‘Farewell, fossil fuels’? What oil’s demise will do to the world’s leading economies
A group of OPEC ministers is scheduled to meet — virtually — on Thursday to decide if the cartel’s output needs to be tweaked to cope with weak oil prices. But OPEC, once the ogre that scared Western industrialized economies, is a shadow of its former self. Founded 60 years ago this week, it no longer makes Page One headlines. Hardly surprisingly, its Joint Ministerial Monitoring Committee is likely to fudge its decision.
The current comparatively low prices, which slipped below the $40 per barrel mark last week, are partly a consequence of a concession made to Iraq when production cutbacks were agreed to for the May-July period and Baghdad was allowed to continue pumping, claiming financial need. The deal was that such overproduction would be compensated by Iraqi cutbacks in September.
Well, guess what? The “compensation period” is likely to be extended into October and November. Other things being equal (or “ceteris paribus,” in Latin), the price of oil looks likely to remain weak, although the Latin phrase implicitly warns that other factors will likely intrude. Arguably, a more significant factor is probably the hints from Riyadh that prompted last week’s Financial Times story, “Saudi Arabia to keep pumping despite fall in crude prices.”
But now there is an explosive new ingredient to start taking into account. On Monday, the oil world woke to the news that London-based energy giant BP is predicting that world oil demand could peak by the early 2020s. Previously, the accepted wisdom was that oil would remain the predominant fuel — over natural gas, coal, nuclear and renewables — well into the 2030s. “Green” consumer preferences forcing different political choices has been added to by the economic shift caused by the coronavirus. It is not quite time to say “Farewell, fossil fuels,” but it is the first draft of their obituary.
Another factor coming into play is the thinking of Daniel Yergin, the oil guru whose book, “The New Map: Energy, Climate and the Clash of Nations,” was published today. The Weekend Wall Street Journal carried a quick-read (although still-detailed) version of the book, no doubt a weighty tome. In a feature article entitled, “The New Geopolitics of Energy,” Yergin points out that oil giants such as Russia and Saudi Arabia will find themselves in deep economic trouble unless they transform their economies quickly. Their particular problem is that they can’t transform them quickly enough — not even Saudi Arabia, despite the ambitions of its de facto leader, Crown Prince Mohammad bin Salman, and his “Vision 2030” plans.

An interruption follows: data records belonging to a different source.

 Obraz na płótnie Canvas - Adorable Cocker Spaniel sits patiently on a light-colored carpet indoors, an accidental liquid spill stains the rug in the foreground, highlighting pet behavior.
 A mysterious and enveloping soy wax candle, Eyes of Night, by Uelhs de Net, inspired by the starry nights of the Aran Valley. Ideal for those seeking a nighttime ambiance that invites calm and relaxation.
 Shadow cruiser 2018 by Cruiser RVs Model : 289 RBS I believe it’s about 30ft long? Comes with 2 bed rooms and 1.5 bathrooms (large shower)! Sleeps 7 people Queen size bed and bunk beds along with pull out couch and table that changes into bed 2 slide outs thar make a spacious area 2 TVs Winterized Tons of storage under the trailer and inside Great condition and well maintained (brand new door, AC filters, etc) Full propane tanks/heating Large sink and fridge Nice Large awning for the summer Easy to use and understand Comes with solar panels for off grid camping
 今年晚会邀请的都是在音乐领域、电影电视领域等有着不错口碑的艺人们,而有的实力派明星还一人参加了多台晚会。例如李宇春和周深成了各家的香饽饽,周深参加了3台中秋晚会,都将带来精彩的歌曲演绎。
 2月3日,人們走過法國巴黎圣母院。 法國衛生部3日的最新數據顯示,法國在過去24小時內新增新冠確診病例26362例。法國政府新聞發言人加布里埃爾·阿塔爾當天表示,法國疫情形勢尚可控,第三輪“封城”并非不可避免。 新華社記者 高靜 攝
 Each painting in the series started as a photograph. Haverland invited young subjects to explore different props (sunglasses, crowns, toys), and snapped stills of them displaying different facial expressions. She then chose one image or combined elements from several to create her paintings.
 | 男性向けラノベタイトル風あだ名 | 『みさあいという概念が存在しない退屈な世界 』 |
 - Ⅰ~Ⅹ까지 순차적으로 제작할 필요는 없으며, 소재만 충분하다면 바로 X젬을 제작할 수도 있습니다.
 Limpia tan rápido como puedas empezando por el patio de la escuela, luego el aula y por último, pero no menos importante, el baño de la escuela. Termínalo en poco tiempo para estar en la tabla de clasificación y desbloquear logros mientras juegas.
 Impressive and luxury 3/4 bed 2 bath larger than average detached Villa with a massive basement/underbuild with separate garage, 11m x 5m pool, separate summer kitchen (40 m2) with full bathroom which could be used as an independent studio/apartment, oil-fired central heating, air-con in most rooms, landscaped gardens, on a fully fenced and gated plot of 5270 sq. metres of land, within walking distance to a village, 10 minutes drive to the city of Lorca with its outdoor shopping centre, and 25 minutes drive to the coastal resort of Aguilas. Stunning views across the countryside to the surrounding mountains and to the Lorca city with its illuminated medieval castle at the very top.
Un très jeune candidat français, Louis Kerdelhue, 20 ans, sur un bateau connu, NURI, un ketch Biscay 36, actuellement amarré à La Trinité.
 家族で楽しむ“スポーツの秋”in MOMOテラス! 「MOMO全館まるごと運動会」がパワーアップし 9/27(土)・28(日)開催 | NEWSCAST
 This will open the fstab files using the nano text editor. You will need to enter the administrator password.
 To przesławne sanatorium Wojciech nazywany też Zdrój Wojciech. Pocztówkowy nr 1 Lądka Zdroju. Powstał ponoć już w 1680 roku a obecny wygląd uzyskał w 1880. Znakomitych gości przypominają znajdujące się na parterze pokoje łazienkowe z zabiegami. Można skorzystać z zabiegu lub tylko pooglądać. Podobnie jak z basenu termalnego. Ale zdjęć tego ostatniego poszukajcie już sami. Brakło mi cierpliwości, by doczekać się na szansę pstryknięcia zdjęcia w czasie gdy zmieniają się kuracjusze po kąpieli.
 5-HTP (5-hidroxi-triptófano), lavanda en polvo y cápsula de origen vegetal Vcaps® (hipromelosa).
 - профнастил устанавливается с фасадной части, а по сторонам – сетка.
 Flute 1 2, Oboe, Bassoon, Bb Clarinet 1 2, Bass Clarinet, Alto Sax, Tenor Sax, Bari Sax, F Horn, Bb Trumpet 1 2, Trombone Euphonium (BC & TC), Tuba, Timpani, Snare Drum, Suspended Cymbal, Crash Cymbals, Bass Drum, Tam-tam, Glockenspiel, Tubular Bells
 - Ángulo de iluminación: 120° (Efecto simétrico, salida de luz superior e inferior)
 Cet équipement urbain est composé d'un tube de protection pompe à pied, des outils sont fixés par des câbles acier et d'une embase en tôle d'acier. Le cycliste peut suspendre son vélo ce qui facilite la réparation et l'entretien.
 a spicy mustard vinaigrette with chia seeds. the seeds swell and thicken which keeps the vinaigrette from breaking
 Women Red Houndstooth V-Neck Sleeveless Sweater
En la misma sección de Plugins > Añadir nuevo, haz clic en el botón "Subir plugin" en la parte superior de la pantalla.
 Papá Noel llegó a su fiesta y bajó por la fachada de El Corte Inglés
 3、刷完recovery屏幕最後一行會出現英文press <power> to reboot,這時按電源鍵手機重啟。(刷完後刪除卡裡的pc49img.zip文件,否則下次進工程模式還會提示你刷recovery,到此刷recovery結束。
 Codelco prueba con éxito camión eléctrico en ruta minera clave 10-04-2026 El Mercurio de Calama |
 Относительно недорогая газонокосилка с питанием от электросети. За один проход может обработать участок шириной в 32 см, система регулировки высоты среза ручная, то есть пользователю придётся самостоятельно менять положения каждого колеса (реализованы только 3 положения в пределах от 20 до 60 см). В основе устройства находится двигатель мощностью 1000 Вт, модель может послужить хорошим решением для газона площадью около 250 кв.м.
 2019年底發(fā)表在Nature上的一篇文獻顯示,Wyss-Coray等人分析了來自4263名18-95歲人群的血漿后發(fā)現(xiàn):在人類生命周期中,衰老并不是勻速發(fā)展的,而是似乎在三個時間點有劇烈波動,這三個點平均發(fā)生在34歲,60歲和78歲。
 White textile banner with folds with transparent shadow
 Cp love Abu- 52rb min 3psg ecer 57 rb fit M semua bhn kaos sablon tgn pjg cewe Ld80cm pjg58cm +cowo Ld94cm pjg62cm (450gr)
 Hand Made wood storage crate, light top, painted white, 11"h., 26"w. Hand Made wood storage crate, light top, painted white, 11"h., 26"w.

The main beneficiary of the trend away from oil will be China, currently a significant importer. For it, moving toward electric cars will represent a significant saving in oil-import costs. Furthermore, China is the top producer in the world of lithium, a necessary material for manufacturing electric cars — so, another plus for the Chinese economy.
The United States is in danger of being caught in the middle. Another Trump administration likely will continue a policy of supporting the U.S. oil and natural gas industry; a Biden administration instead would emphasize a rapid shift in the direction of renewables. But, in the short term, any economic recovery in the post-coronavirus era, for which we are all hoping, will be a boost for oil and gas. That means U.S. shale but also Russian and Saudi exports.
In geopolitical terms, the strategic economic demise of Russia and Saudi Arabia will be delayed by “a decade or two.” Meanwhile, U.S. shale production probably will be struggling to find the new investment it constantly needs when the “smart” money is looking for returns in renewables. A headline in the Wall Street Journal on Sept. 14 captured the emerging new reality: “Exxon used to be America’s most valuable company. What happened?”